Assistant Chief Constable Glen Mayhew QPM said: “Devon & Cornwall Police recognises the disruption and even fear that ASB can bring to communities, and we have taken a partnership-based approach to tackling this to make people feel safer.
“We work with Community Safety Partnerships, housing authorities and other agencies and focus our activity through our Neighbourhood Teams who have the best understanding of their communities and where the most troublesome areas are that we can concentrate our activities on. Visible policing in “Hot Spot” areas of ASB helps to stop ASB escalating and gains the trust of our communities.”
Recent research from YouGov, commissioned by Resolve, found that:
- Nearly 1 in 5 people have considered moving home due to ASB.
- 1 in 10 have actually moved.
- Despite this, over half of those who experienced or witnessed ASB did not report it.

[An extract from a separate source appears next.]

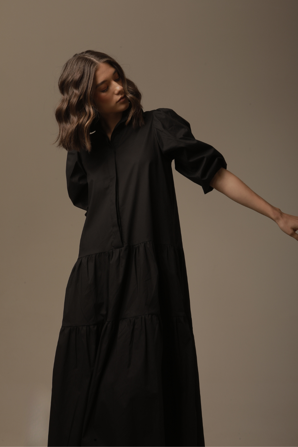 Long shirt-style dress with puff sleeves and concealed front buttons with ruffles. Made from poplin cotton, it offers light structure, freshness, and comfort. Model is wearing size S.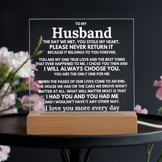 To My Husband "The day we met..." Acrylic Plaque With Lighted Base

ACC Mayhew continued “Everyone deserves to feel safe in their home and their neighbourhood, and the public are our strongest partners in this. If ASB is blighting your community, please report it.
“There is a convenient online form to report ASB on the front page of our website, you’ll find it by clicking the ‘Report’ button. You can call 101 or drop into one of our Police Enquiry Offices. To receive reports of what’s happening in your community, and message back to us, I would also encourage you to subscribe for free to our community messaging service Devon & Cornwall Alert. The more community information we receive the better we can allocate our resources.”
Neighbourhood policing teams have a number of tools that they can use to tackle ASB. These include Community Protection Warnings, Community Protection Notices, Criminal Behaviour Orders, Civil Injunctions, Closure Orders, Public Spaces Protection Orders and Dispersal powers
ACC Mayhew added: “We are listening to our communities and we do our best to act on intelligence received. We have carried out several closure orders and applied other powers recently, information on the outcome of some of those can be found in the News section of our website.”
Examples of recent activity include:
- Closure order at business in Camborne puts a halt to relentless antisocial behaviour
- Closure orders put a stop to drug dealing, violence and antisocial behaviour, Bude
- Public Space Protection Orders put in place to tackle anti-social behaviour in West Devon
Rebecca Bryant OBE, Chief Executive of Resolve, said:
“ASB is not low-level. It can have a devastating and long-lasting impact on individuals and communities and often escalates to increasingly harmful behaviour.
“We are delighted that Devon & Cornwall Police is backing this vital campaign. It is only through strong local partnerships that we can meet the growing challenge of ASB and ensure people feel safe where they live.”
If you are affected by ASB, don’t suffer in silence—help and support are available.